O secretário de Estado não poupou críticas ao governo do país vizinho durante entrevista à cadeia francesa de rádio France Inter: "Um dos motores da economia inglesa, não toda, obviamente, é o trabalho ilegal […] Existe, vamos dizer, um modelo econômico que, às vezes, parece uma estrutura de escravidão moderna, ou pelo menos um indicativo de que o trabalho ilegal é muito forte".

Ainda durante a entrevista à France Inter, o secretário defendeu o governo francês dizendo que "a exploração de trabalhadores ilegal é menor na França, pois existe mais fiscalização".
Também nesta segunda-feira (29), o ministro do Interior da França, Gérald Darmanin, cobrou mudanças do governo britânico para poder por fim na crise migratória.

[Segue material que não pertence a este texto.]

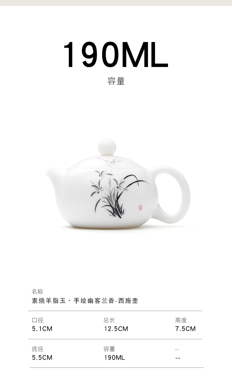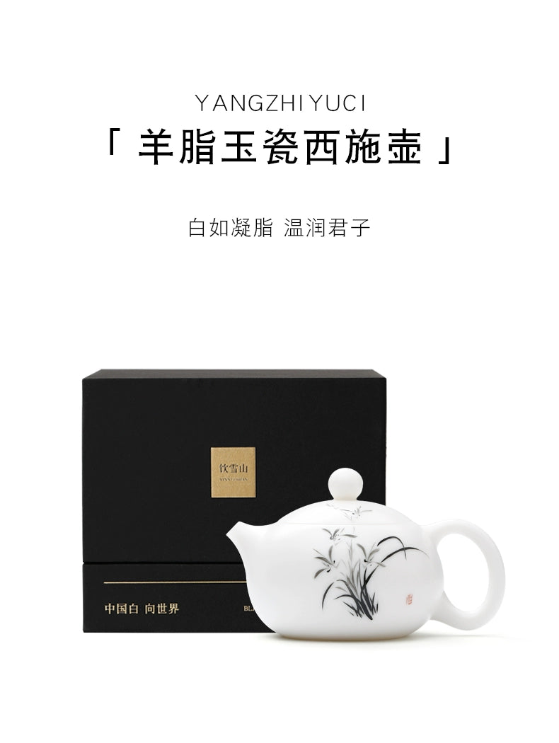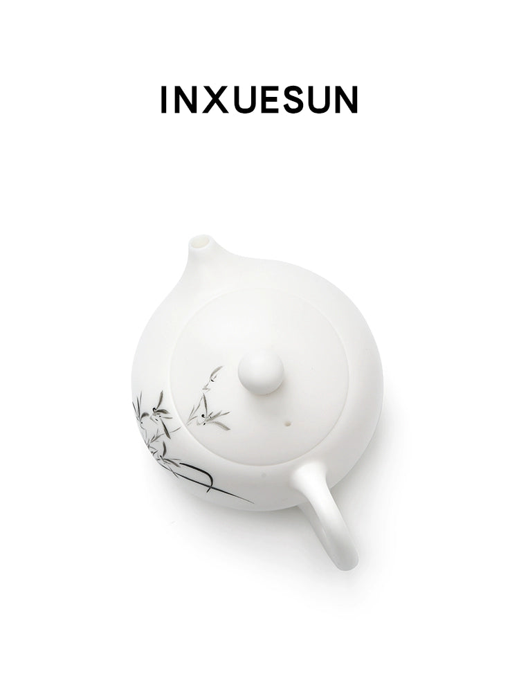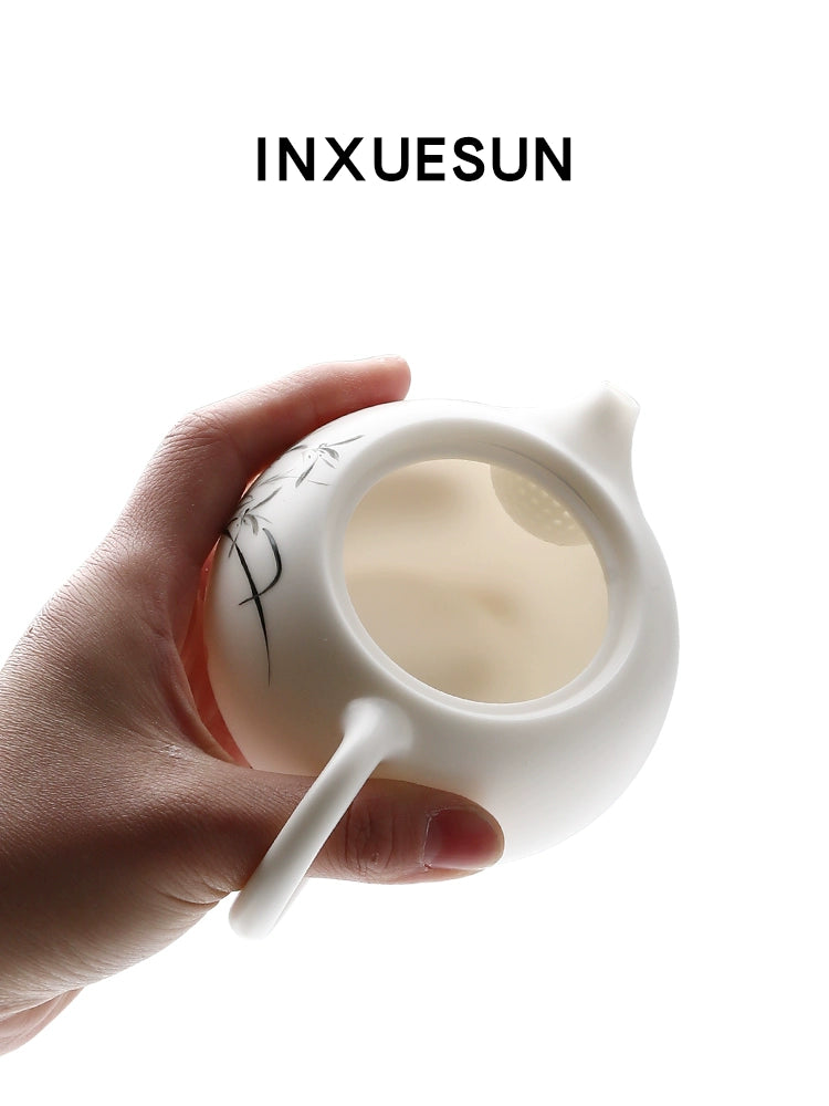 • Hand-painted plain-fired suet jade white porcelain Xishi teapot, single ceramic brewing teapot, high-end gift box for leaders and friends
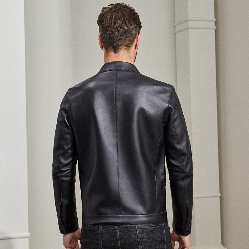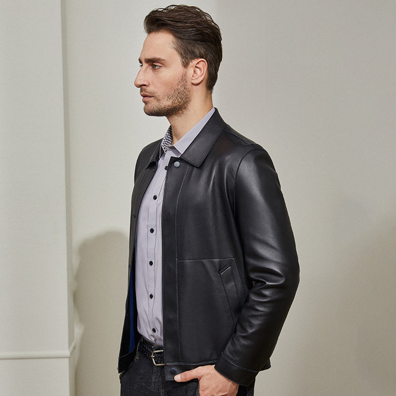 雪豹真皮皮衣男头层绵羊皮商务轻奢时尚体制内翻领短行政夹克外套
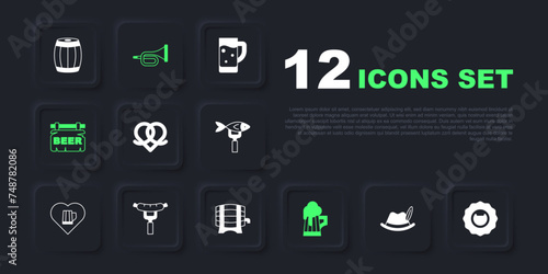 Set Oktoberfest hat, Bottle opener, Pretzel, Wooden beer mug, Street signboard with Beer, Sausage on the fork, Trumpet and barrel rack icon. Vector
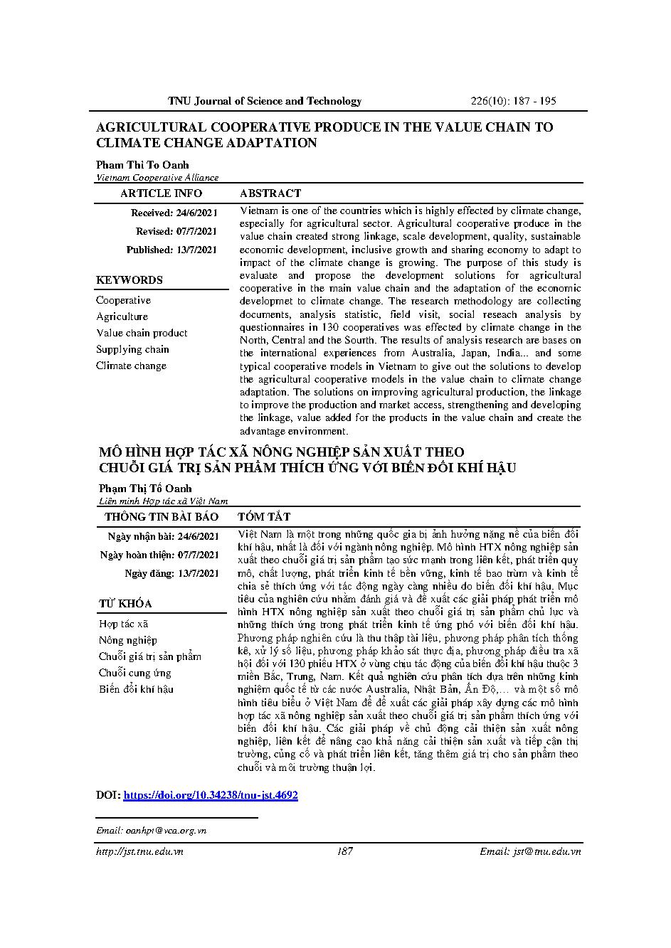Mô hình hợp tác xã nông nghiệp sản xuất theo chuỗi giá trị sản phẩm thích ứng với biến đổi khí hậu = Agricultural cooperative produce in the value chain to climate change adaptation
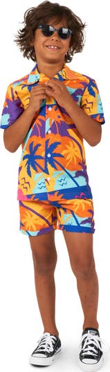 Lightweight and ready for fun, this camp shirt covered in palm trees pairs with matching shorts to keep your kid comfortable and easy to see indoors and out.
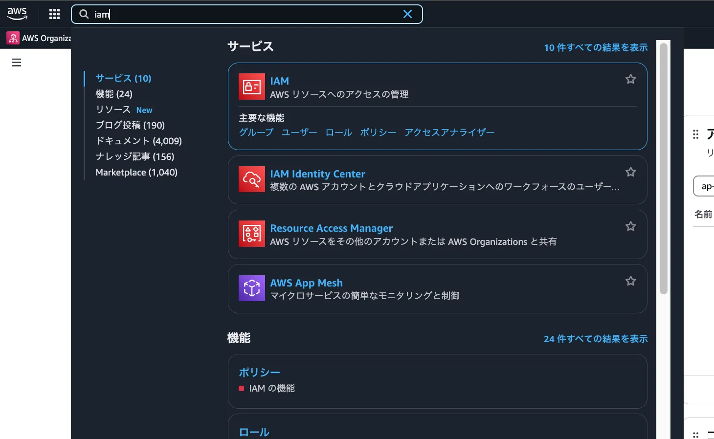 IAMに移動

A declaração foi dada durante uma entrevista ao canal BFMTV, na qual ele pontuou os dois maiores problemas, que seriam "a inexistência de um caminho legal para os migrantes chegarem ao Reino Unido [...], e a facilidade de se conseguir emprego sem identificação".
A relação entre os dois países piorou quando, na última quarta-feira (24), um barco que levava migrantes da França para o Reino Unido afundou no canal da Mancha, deixando pelo menos 27 mortos, segundo a agência de notícias Reuters.
A maioria das pessoas que tenta cruzar o canal da Mancha e o estreito de Dover está fugindo de áreas de conflito como Afeganistão, Iraque, Eritreia e Sudão.